Ça lui fait mal. Dès qu'il appuie pour vérifier qu'il y a vraiment des bleus-violets, là tout autour de ses yeux, Loup tire la grimace. Les droites bien calculées l'ont fait déchanter sur le tarmac; ça lui a presque fait voir des étoiles comme dans les dessins animés, avec des poussins, des canards des oies... C'était à cheval entre le réel et l'illusion. Mais la douleur, elle, elle était vraie. Et aujourd'hui il la sent, sous les rares pansements. Loup il cache jamais ses hématomes sous les tissus blancs. Peut-être parce qu'il se dit que ça va mieux guérir, au contact de l'air. Que de toute façon les tissus blancs c'est psychologique et que ça guérit le cerveau mais pas la peau. Loup il est fort pour s'influencer lui-même, pour dire à son corps Soigne-toi. Parfois ça marche.
Et parfois, l'intérieur il cicatrise pas comme ça.
Aujourd'hui c'est pas pour Elle qu'il vient. Enfin si, un peu. Y a toujours Elle qui entre dans l'équation quand il met le pied dans ce bâtiment. Sinon pour quelle raison il viendrait? Bah... Pour cette autre raison, qui dort aussi dans un lit, la tête tournée vers la fenêtre sûrement. C'est ce que font la plupart des traumatisés. Ils préfèrent s'échapper mentalement d'ici dès qu'il y a un puits de lumière quelque part.
123. On lui a dit que c'était là. Loup il avait déjà la main sur la poignée, quand il s'est rappelé d'être poli. Alors il a frappé, une fois, deux fois, pour être sûr de se faire entendre. Il a pas attendu la réponse; il est entré.
D'emblée, Qui êtes-vous.
C'est vrai ça, il est qui, Loup?
"J'voulais voir comment ça allait."
Il voit le gamin alité, la patte emballée dans un épais cocon blanc, signe qu'il est pas prêt de décoller d'ici avant un moment. Ah... Loup se sent mal. Son regard va vite se perdre autre part. Dans les yeux du garçon? Peut-être. Loup il le connait pas, l'occupant de la 123, mais il l'a vu. Il l'a vu à ce rassemblement, alors qu'il défendait ses droits d'aimer, d'être et de vivre. Il l'a vu se faire emporter dans un torrent de haine, roué sous les coups anonymes. Loup, à ce moment-là, il a quitté sa tanière pour sauter à la gorge de ces cons, pour leur arracher la jugulaire.
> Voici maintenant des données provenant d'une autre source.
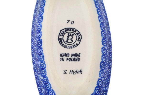 This Blue Poppies 7" Condiment Dish was handmade and hand decorated in Boleslawiec, Poland by skilled artisans according to old traditional methods. This Polish stoneware is microwave, dishwasher, freezer, and oven safe up to 480°F. It does not contain lead or cadmium. It is part of the Blue Poppies Collection.
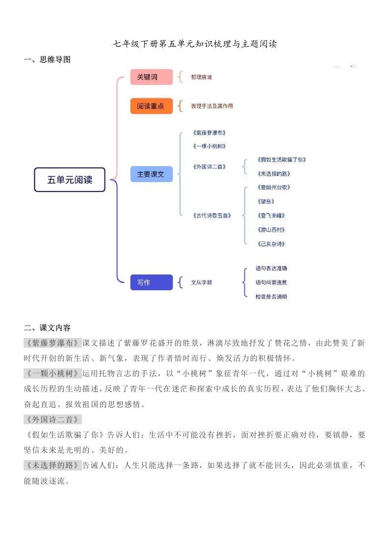 七年级下册第五单元知识梳理与主题阅读(学生版)(教师版)QXYWBB-0196
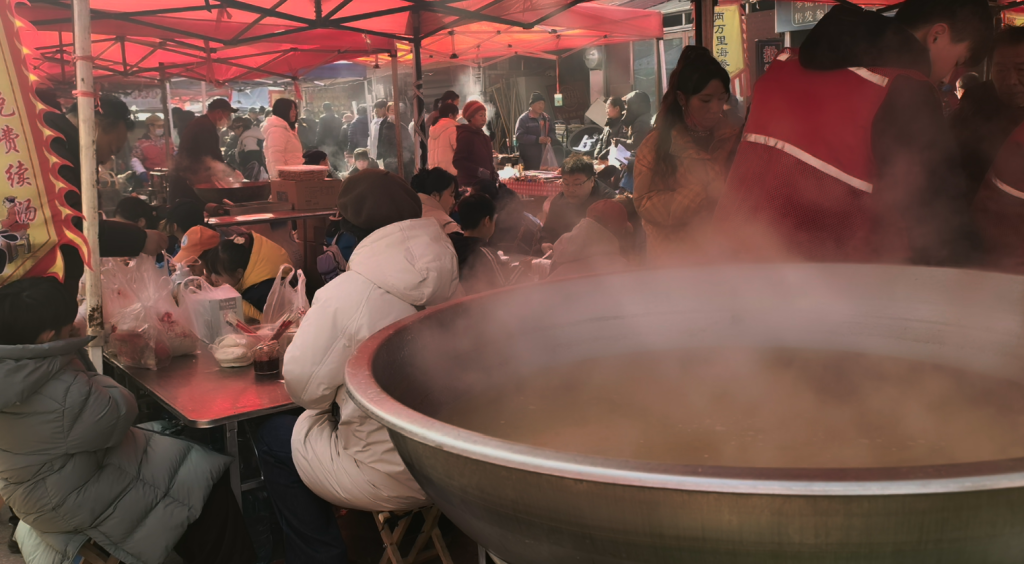 今年的李村大集新开辟了特色小吃街,南北风味小吃琳琅满目,满足了市民的多元味蕾需求。街区最显眼的位置,两口直径约一米半的大锅热气腾腾,炖牛肉、煮羊汤的香气飘散四溢,摊位前座无虚席,食客们围坐而食,暖意驱散了冬日严寒。
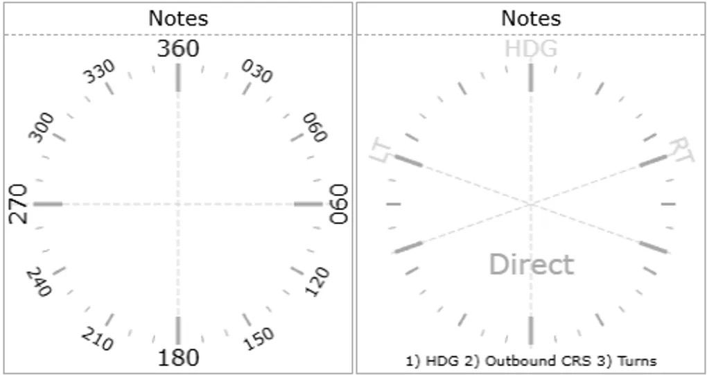 You can now choose between headings and holds in Notes tile compass mode the compass mode. Holds is use by writing you current heading on top, then draw turn separator LT for left turn and RE. Your outbound course will be in the correct quadrant.
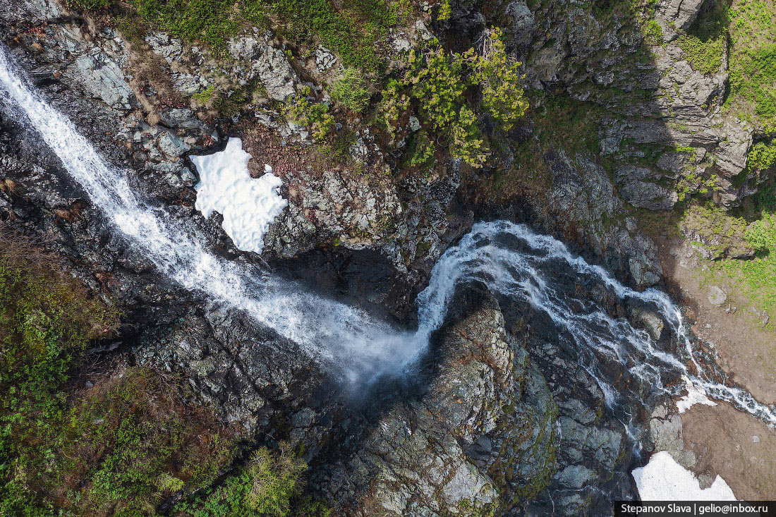 34. Водопад Куйгук устремляется с высоты 25-30 м прямо из нижнего озера. Здесь же находится ещё одна небольшая местная достопримечательность — камень, по форме напоминающий медведя, который целует девушку.
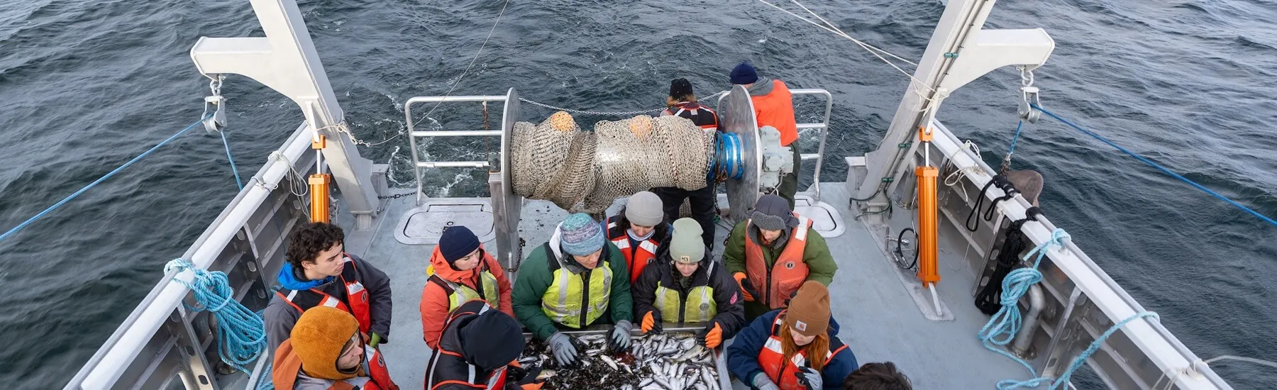 The Rubenstein School's research vessel, the R/V Marcelle Melosira is a hybrd-electric catamaran that operates from May through November on Lake Champlain. The vessel is used for research and teaching. All students in the Rubenstein School take at least one course that allows them to experience the lake from the research vessel. It is equipped with state-of-the-art equipment for mapping underwater species distribution, sampling sediment, plankton sampling, and more.
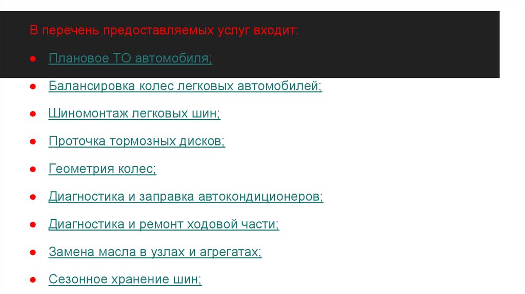 В перечень предоставляемых услуг входит:● Плановое ТО автомобиля;

Mais voilà. Loup, il a pas pu attaquer tout le monde. Il a pas pu sauver les Ceux déjà à terre. Il a pu mordre quelques visages et les mains mal intentionnées, mais il a pas pu sauver le garçon de la 123, et il s'en veut pour ça. Alors il s'assied pas, il bouge pas, parce qu'il sent qu'il a pas le droit.
En le regardant droit dans les yeux, Loup a l'impression que ses bleus-violets irradient de douleur. Plus fort qu'avant. Y a un déglutissement dans sa gorge, comme pour ravaler sa fierté.
"J'suis désolé. J'aurais voulu pouvoir empêcher tout ça."